↓
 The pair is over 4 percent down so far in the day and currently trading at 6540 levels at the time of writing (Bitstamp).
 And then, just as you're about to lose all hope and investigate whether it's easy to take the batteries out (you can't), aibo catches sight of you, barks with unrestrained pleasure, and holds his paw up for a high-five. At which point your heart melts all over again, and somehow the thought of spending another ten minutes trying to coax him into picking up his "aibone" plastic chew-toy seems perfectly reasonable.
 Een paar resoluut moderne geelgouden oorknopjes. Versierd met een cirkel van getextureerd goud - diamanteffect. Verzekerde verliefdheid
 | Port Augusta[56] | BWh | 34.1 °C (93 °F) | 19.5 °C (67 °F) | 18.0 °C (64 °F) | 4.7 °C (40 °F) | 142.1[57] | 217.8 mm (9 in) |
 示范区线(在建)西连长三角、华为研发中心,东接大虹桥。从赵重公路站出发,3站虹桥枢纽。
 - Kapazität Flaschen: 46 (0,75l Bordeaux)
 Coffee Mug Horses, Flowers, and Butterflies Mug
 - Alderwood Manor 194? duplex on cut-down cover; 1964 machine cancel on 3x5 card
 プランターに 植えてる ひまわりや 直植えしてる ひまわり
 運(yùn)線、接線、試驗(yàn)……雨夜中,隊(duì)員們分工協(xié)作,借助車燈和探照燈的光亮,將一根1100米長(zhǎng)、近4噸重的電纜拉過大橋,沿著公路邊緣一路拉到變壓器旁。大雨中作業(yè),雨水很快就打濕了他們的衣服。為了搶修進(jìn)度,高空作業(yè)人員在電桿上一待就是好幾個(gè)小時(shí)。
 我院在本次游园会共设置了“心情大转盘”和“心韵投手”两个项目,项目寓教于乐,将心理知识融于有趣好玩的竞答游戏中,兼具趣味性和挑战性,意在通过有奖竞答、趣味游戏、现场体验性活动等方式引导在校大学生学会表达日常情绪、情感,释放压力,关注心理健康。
↑
ABOUT THIS EXERCISE: Each line of the data above is to be duplicated exactly.

WRITTEN SOLUTION:
 The pair is over 4 percent down so far in the day and currently trading at 6540 levels at the time of writing (Bitstamp).
 And then, just as you're about to lose all hope and investigate whether it's easy to take the batteries out (you can't), aibo catches sight of you, barks with unrestrained pleasure, and holds his paw up for a high-five. At which point your heart melts all over again, and somehow the thought of spending another ten minutes trying to coax him into picking up his "aibone" plastic chew-toy seems perfectly reasonable.
 Een paar resoluut moderne geelgouden oorknopjes. Versierd met een cirkel van getextureerd goud - diamanteffect. Verzekerde verliefdheid
 | Port Augusta[56] | BWh | 34.1 °C (93 °F) | 19.5 °C (67 °F) | 18.0 °C (64 °F) | 4.7 °C (40 °F) | 142.1[57] | 217.8 mm (9 in) |
 示范区线(在建)西连长三角、华为研发中心,东接大虹桥。从赵重公路站出发,3站虹桥枢纽。
 - Kapazität Flaschen: 46 (0,75l Bordeaux)
 Coffee Mug Horses, Flowers, and Butterflies Mug
 - Alderwood Manor 194? duplex on cut-down cover; 1964 machine cancel on 3x5 card
 プランターに 植えてる ひまわりや 直植えしてる ひまわり
 運(yùn)線、接線、試驗(yàn)……雨夜中,隊(duì)員們分工協(xié)作,借助車燈和探照燈的光亮,將一根1100米長(zhǎng)、近4噸重的電纜拉過大橋,沿著公路邊緣一路拉到變壓器旁。大雨中作業(yè),雨水很快就打濕了他們的衣服。為了搶修進(jìn)度,高空作業(yè)人員在電桿上一待就是好幾個(gè)小時(shí)。
 我院在本次游园会共设置了“心情大转盘”和“心韵投手”两个项目,项目寓教于乐,将心理知识融于有趣好玩的竞答游戏中,兼具趣味性和挑战性,意在通过有奖竞答、趣味游戏、现场体验性活动等方式引导在校大学生学会表达日常情绪、情感,释放压力,关注心理健康。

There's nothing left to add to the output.